Bödexen () is a quarter of Höxter, in the east of North Rhine-Westphalia, Germany. The village is 203 metres above sea level. In the north of Bödexen is the Köterberg the highest mountain in Weser Uplands with 495 metres. The brook Saumer flows through Bödexen. With an expanse of 21,58 km² and 960 residents Bödexen is the third smallest urban district of Höxter.

History
One suggests a grave mound on the autumn mountain originating stone axe that the residence existed Bödexen since the Stone Age. Documented Bödexen was first mentioned in the Corvey traditions. It says under number 117: Marcbodo and Giki and son Hunwardi in place of the father transferred / donated four farms, two in Bodikeshus (un) and two located elsewhere for the salvation of the Hoger and his father Marc Ward and mother Ricsuit . Witnesses Beuo, Aldmer, Anulo, Wulfger, Pumi, and twenty others. The donation was apparently before the year 836, because of the additional ad reliquias sanctorum martirum Stephani atque Viti.. (Near the bones of St. Stephen and St. Vitus ...) is missing.

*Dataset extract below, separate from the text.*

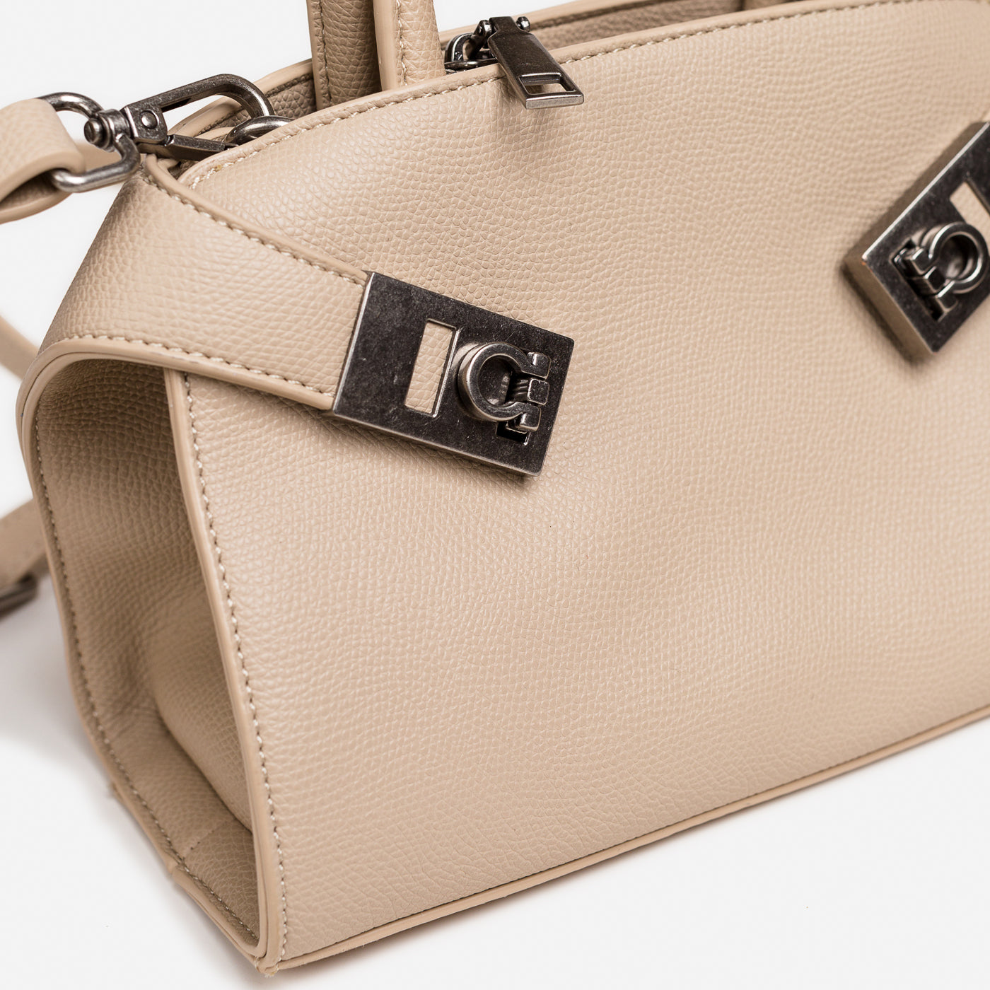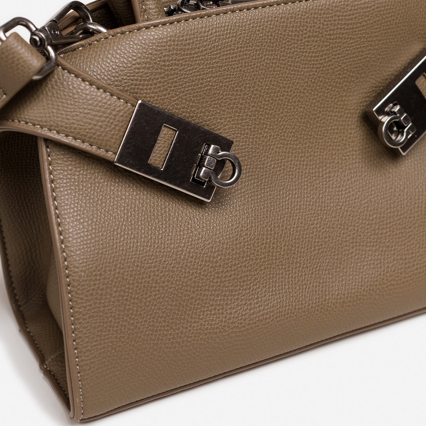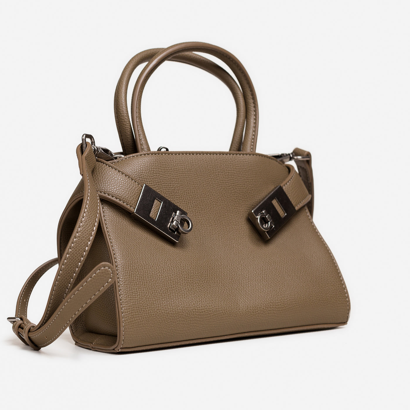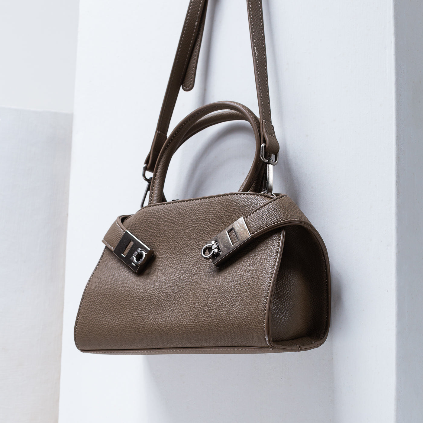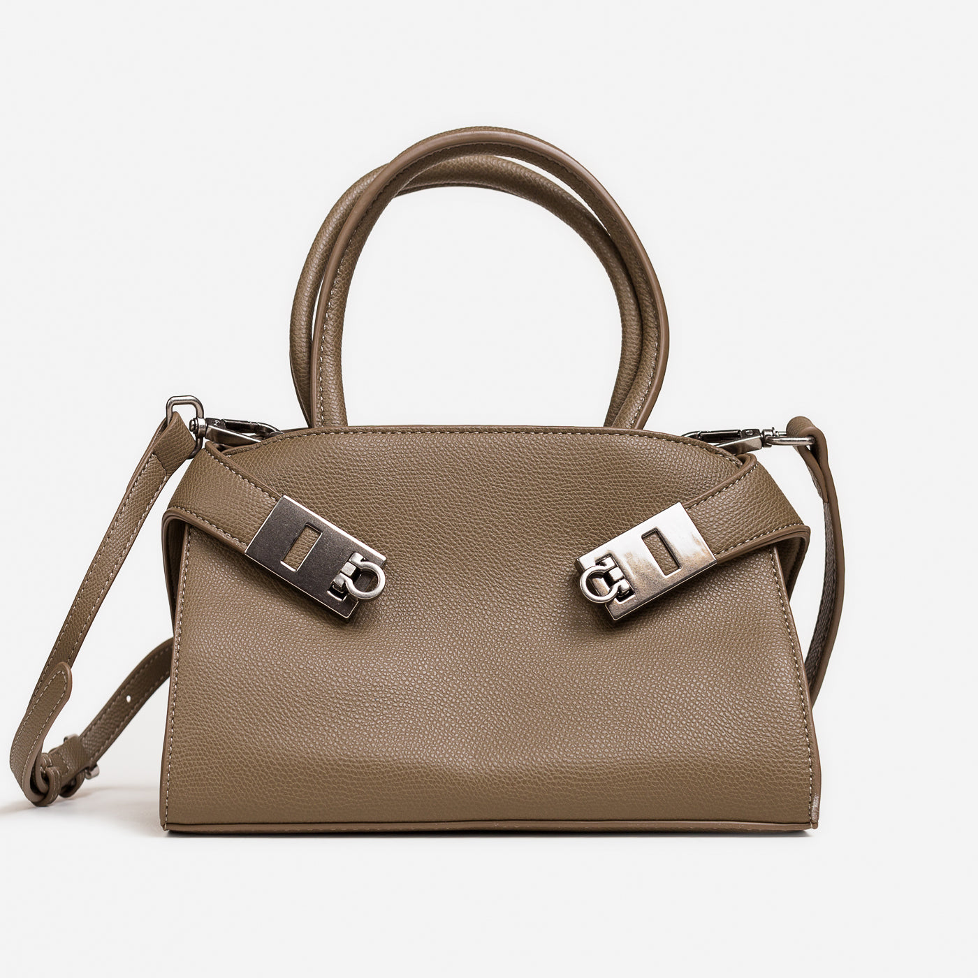 Adoro’s Prestige Satchel embodies understated luxury. Crafted from premium textured leather in a versatile taupe grey shade, it features a structured silhouette accented with polished silver hardware. Dual top handles and a detachable shoulder strap offer styling flexibility, while the secure clasp detail adds a refined touch. Spacious yet elegant, this satchel transitions seamlessly from business meetings to evening outings with timeless sophistication.

This saint was the Abbey Church at Corvey dedicated to 840th.

The name Bödexen is Saxon origin. In the 9th century was the name still Bodikeshusun (house / yard of the Bodo). After two centuries, Bodikessen fact, the Tithe Bishop of Paderborn, Corvey gave the monastery. In 1700 was from Bodikessen at a population and building census Böx. This led to the passage of time the present name Bödexen.